--- WHAT IS NEEDED ---
Restate the whole of the data below word for word, skipping the images.

--- MATERIAL SHOWN Enclosed Below ---

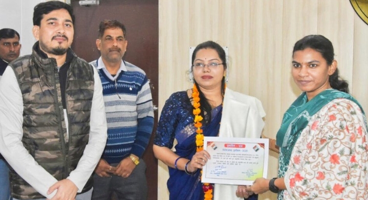 जिलाधिकारी द्वारा समय से कार्य पूरा करने पर 14 बीएलओ को जिलाधिकारी द्वारा सम्मानित किया गया.यूपी के बांदा में चल रहे मतदाता सूची के विशेष सघन पुनरीक्षण अभियान (SIR) में समय से पहले 100% काम पूरा करने वाले 14 BLO को DM जे. रिभा ने प्रशस्ति पत्र और फूल माला देकर सम्मानित किया. BLO ने कहा कि यह चुनाव आयोग का महत्वपूर्ण कार्य था, जिसे प्राथमिकता देकर पूरा किया गया. DM ने अन्य BLO को भी समय से काम पूरा करने के निर्देश दिए.
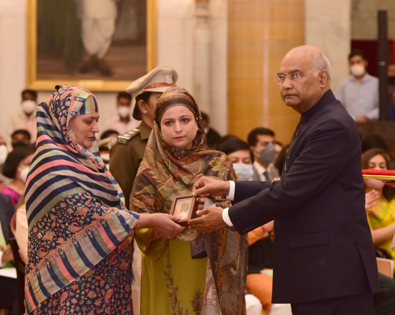 President Kovind presents Shaurya Chakra to Shri Arshad Khan, Inspector, J&K Police (Posthumous). He displayed exemplary bravery and extra ordinary commitment towards the call of duty. Nation By Editor Last updated Nov 23, 2021 411 Share 411 Share
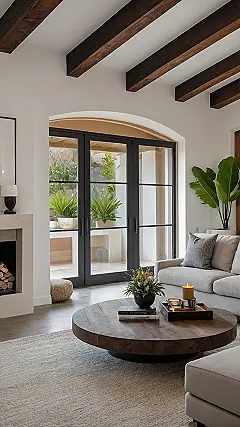 Stepping into this living room is like getting a sudden urge to clean your own bedroom, which, let’s be real, is probably a disaster zone of clothes and forgotten snacks. This place is so ridiculously classy, with its giant comfy couch and those cool exposed beams on the ceiling, you half expect it to start judging your TikTok dance moves. Seriously, it’s the kind of room where even the fire logs are perfectly stacked, probably whispering secrets about immaculate cleanliness to each other.
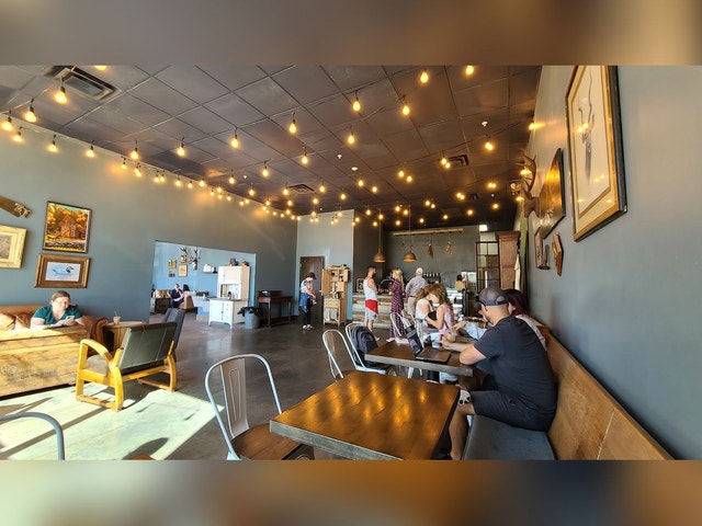 Comfortable coffeehouse offering ample seating and healthy options, plus a children's playground.
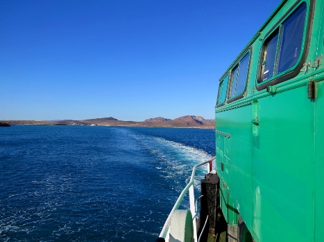 Noch einmal nach La Paz … Wasser auffüllen, entsorgen, einkaufen. Die letzte Nacht verbringen wir in Tecolote am Strand … von hier ist es nicht weit, bis zur Fähre. Pünktlich, wie bestellt, fahren wir um 13.00h mit unseren zwei Campern bei TMC vor. Der Ablauf ist perfect, wir bezahlen, bekommen unsere Tickets, inclusive Abendessen und Frühstück. Wir sind die einzigen Camper unter den vielen Trucks und Hängern… dürfen als erste auf die Fähre. Mit dem Lift geht’s hinauf auf das offene Oberdeck …. direkt neben die Reeling.
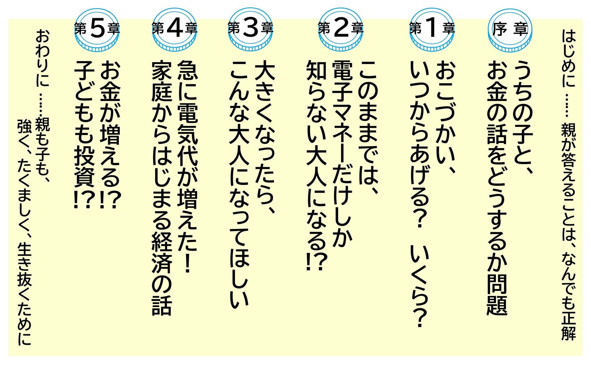 「おこづかいはいつから渡す? いくらくらい?」「ゲーム課金についてどんなルールにしたらいいですか?」「投資って子どもにどうやって教えればいいの?」…。
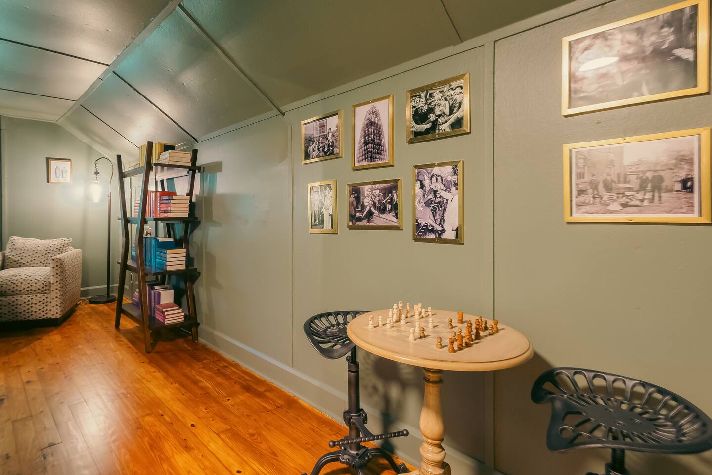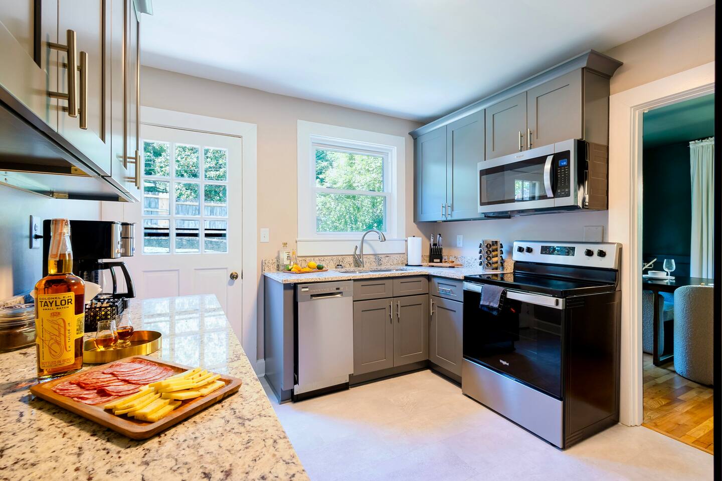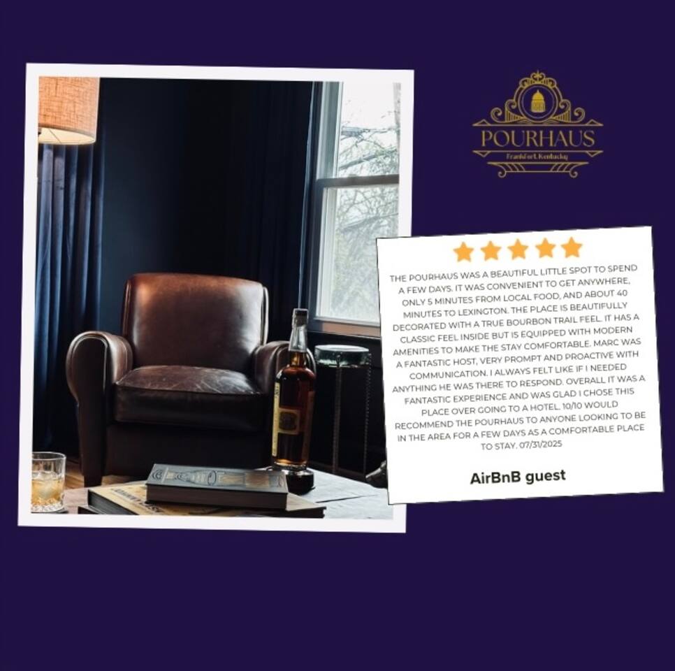 Welcome to PourHaus, your bourbon-inspired hideaway in the heart of Frankfort’s historic Capitol District. This 1920s home blends vintage charm with modern comfort, creating a cozy, walkable launchpad for your Kentucky adventures. LIVING & DINING: Unwind in the living room, where you can spin a record on the vintage player, stream a movie on the Roku TV, or simply relax by the indoor fireplace. The adjacent dining room channels a Roaring Twenties steakhouse vibe, complete with a sidebar and cocktail kit, perfect for mixing your favorite drinks. KITCHEN: The fully stocked kitchen has everything you need for home-cooked meals, including baking dishes, a blender, and a dishwasher for easy cleanup. Start your day with complimentary LaVazza coffee or tea. BEDROOMS: Three well-appointed bedrooms await, each offering: * A Queen-size Sealy Posturepedic bed with hotel-grade linens * A Roku TV for private viewing * A fan and a convenient USB lamp BATHROOMS: Refresh in one of the 1.5 bathrooms, stocked with Temple Spa toiletries. The full bathroom features a bathtub, ideal for a relaxing soak. UNIQUE SPACES: For a unique retreat, head upstairs to the Bourbon Book Loft to dive into a book, challenge a friend to chess, or enjoy a classic game. OUTDOOR OASIS: Step outside into your private, fenced backyard. The string-lit patio features an outdoor dining area, a gas grill for cookouts, and a fire pit table—the perfect private spot to enjoy bourbon flights and a cigar under the stars. Feel free to use the herb planter for your cocktails and meals! Experience Overview ~ • 1 block from Kentucky State Capitol • 2.5 mi to Buffalo Trace, 7 to Castle & Key • 12 mi to Woodford, 17 to Four Roses • Quiet historic district • Private Patio w/ gas fire pit + grill • Self check-in w/ lockbox Nearby Things to Do ~ Kentucky State Capitol ⎯▹ 5 min walk Grand architecture + local monuments Buffalo Trace Distillery ⎯▹ 5 min drive Iconic bourbon tours + tastings Castle & Key ⎯▹ 12 min drive Historic distillery with scenic grounds Downtown Frankfort ⎯▹ 10 min walk Shops, riverwalk, cafés + tap house Keeneland Racetrack ⎯▹ 22 min drive World-class horse racing + events Nearby Dining ~ Bourbon on Main (American) ⎯▹ 1 mi Andy’s Bakery (Pastries + Coffee) ⎯▹ 10 min walk The Stave (Southern) ⎯▹ 15 min drive Buddy’s Pizza (Pizza) ⎯▹ 1.5 mi Goodwood (Brewery and Restaurant) ⎯▹ 1 mi FAQs ➤ Is parking available? Yes, free driveway parking included. ➤ Are pets allowed? Sorry, no pets. ➤ Is the property kid-friendly? Yes, though note the stairs. ➤ Is smoking allowed? Not indoors—please use outdoor areas only. ➤ Is the home ADA accessible? No, access requires steps. ❤️ Meet Your Host I love sharing Kentucky’s rich culture with curious travelers. Need a hidden gem or bourbon tip? I’m just a text away! Your host, —Marc
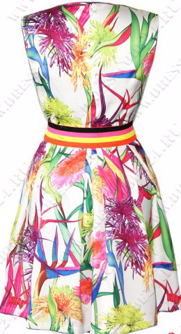 Белое платье с ярким принтом, отрезное по линии талии, юбка клеш со складками. Круглый вырез горловины, на спине потайная молния-застежка, боковые втачные карманы. Пояс в комплекте.
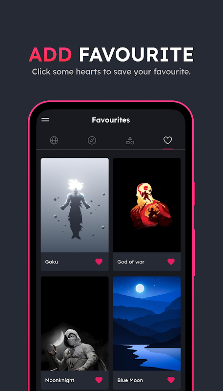 Novas paredes adicionadas diariamente de categorias como Anime, Gradiente, Mínimo, Super-herói, Abstrato, Obra, Jogos, Carros, Animais, Séries, Filmes, Espaço, Meninos, Meninas, Natureza, Arquitetura, Citações, Premium.

--- End of Enclosed MATERIAL SHOWN ---

--- TASK SOLUTION ---
 जिलाधिकारी द्वारा समय से कार्य पूरा करने पर 14 बीएलओ को जिलाधिकारी द्वारा सम्मानित किया गया.यूपी के बांदा में चल रहे मतदाता सूची के विशेष सघन पुनरीक्षण अभियान (SIR) में समय से पहले 100% काम पूरा करने वाले 14 BLO को DM जे. रिभा ने प्रशस्ति पत्र और फूल माला देकर सम्मानित किया. BLO ने कहा कि यह चुनाव आयोग का महत्वपूर्ण कार्य था, जिसे प्राथमिकता देकर पूरा किया गया. DM ने अन्य BLO को भी समय से काम पूरा करने के निर्देश दिए.
 President Kovind presents Shaurya Chakra to Shri Arshad Khan, Inspector, J&K Police (Posthumous). He displayed exemplary bravery and extra ordinary commitment towards the call of duty. Nation By Editor Last updated Nov 23, 2021 411 Share 411 Share
 Stepping into this living room is like getting a sudden urge to clean your own bedroom, which, let’s be real, is probably a disaster zone of clothes and forgotten snacks. This place is so ridiculously classy, with its giant comfy couch and those cool exposed beams on the ceiling, you half expect it to start judging your TikTok dance moves. Seriously, it’s the kind of room where even the fire logs are perfectly stacked, probably whispering secrets about immaculate cleanliness to each other.
 Comfortable coffeehouse offering ample seating and healthy options, plus a children's playground.
 Noch einmal nach La Paz … Wasser auffüllen, entsorgen, einkaufen. Die letzte Nacht verbringen wir in Tecolote am Strand … von hier ist es nicht weit, bis zur Fähre. Pünktlich, wie bestellt, fahren wir um 13.00h mit unseren zwei Campern bei TMC vor. Der Ablauf ist perfect, wir bezahlen, bekommen unsere Tickets, inclusive Abendessen und Frühstück. Wir sind die einzigen Camper unter den vielen Trucks und Hängern… dürfen als erste auf die Fähre. Mit dem Lift geht’s hinauf auf das offene Oberdeck …. direkt neben die Reeling.
 「おこづかいはいつから渡す? いくらくらい?」「ゲーム課金についてどんなルールにしたらいいですか?」「投資って子どもにどうやって教えればいいの?」…。
 Welcome to PourHaus, your bourbon-inspired hideaway in the heart of Frankfort’s historic Capitol District. This 1920s home blends vintage charm with modern comfort, creating a cozy, walkable launchpad for your Kentucky adventures. LIVING & DINING: Unwind in the living room, where you can spin a record on the vintage player, stream a movie on the Roku TV, or simply relax by the indoor fireplace. The adjacent dining room channels a Roaring Twenties steakhouse vibe, complete with a sidebar and cocktail kit, perfect for mixing your favorite drinks. KITCHEN: The fully stocked kitchen has everything you need for home-cooked meals, including baking dishes, a blender, and a dishwasher for easy cleanup. Start your day with complimentary LaVazza coffee or tea. BEDROOMS: Three well-appointed bedrooms await, each offering: * A Queen-size Sealy Posturepedic bed with hotel-grade linens * A Roku TV for private viewing * A fan and a convenient USB lamp BATHROOMS: Refresh in one of the 1.5 bathrooms, stocked with Temple Spa toiletries. The full bathroom features a bathtub, ideal for a relaxing soak. UNIQUE SPACES: For a unique retreat, head upstairs to the Bourbon Book Loft to dive into a book, challenge a friend to chess, or enjoy a classic game. OUTDOOR OASIS: Step outside into your private, fenced backyard. The string-lit patio features an outdoor dining area, a gas grill for cookouts, and a fire pit table—the perfect private spot to enjoy bourbon flights and a cigar under the stars. Feel free to use the herb planter for your cocktails and meals! Experience Overview ~ • 1 block from Kentucky State Capitol • 2.5 mi to Buffalo Trace, 7 to Castle & Key • 12 mi to Woodford, 17 to Four Roses • Quiet historic district • Private Patio w/ gas fire pit + grill • Self check-in w/ lockbox Nearby Things to Do ~ Kentucky State Capitol ⎯▹ 5 min walk Grand architecture + local monuments Buffalo Trace Distillery ⎯▹ 5 min drive Iconic bourbon tours + tastings Castle & Key ⎯▹ 12 min drive Historic distillery with scenic grounds Downtown Frankfort ⎯▹ 10 min walk Shops, riverwalk, cafés + tap house Keeneland Racetrack ⎯▹ 22 min drive World-class horse racing + events Nearby Dining ~ Bourbon on Main (American) ⎯▹ 1 mi Andy’s Bakery (Pastries + Coffee) ⎯▹ 10 min walk The Stave (Southern) ⎯▹ 15 min drive Buddy’s Pizza (Pizza) ⎯▹ 1.5 mi Goodwood (Brewery and Restaurant) ⎯▹ 1 mi FAQs ➤ Is parking available? Yes, free driveway parking included. ➤ Are pets allowed? Sorry, no pets. ➤ Is the property kid-friendly? Yes, though note the stairs. ➤ Is smoking allowed? Not indoors—please use outdoor areas only. ➤ Is the home ADA accessible? No, access requires steps. ❤️ Meet Your Host I love sharing Kentucky’s rich culture with curious travelers. Need a hidden gem or bourbon tip? I’m just a text away! Your host, —Marc
 Белое платье с ярким принтом, отрезное по линии талии, юбка клеш со складками. Круглый вырез горловины, на спине потайная молния-застежка, боковые втачные карманы. Пояс в комплекте.
 Novas paredes adicionadas diariamente de categorias como Anime, Gradiente, Mínimo, Super-herói, Abstrato, Obra, Jogos, Carros, Animais, Séries, Filmes, Espaço, Meninos, Meninas, Natureza, Arquitetura, Citações, Premium.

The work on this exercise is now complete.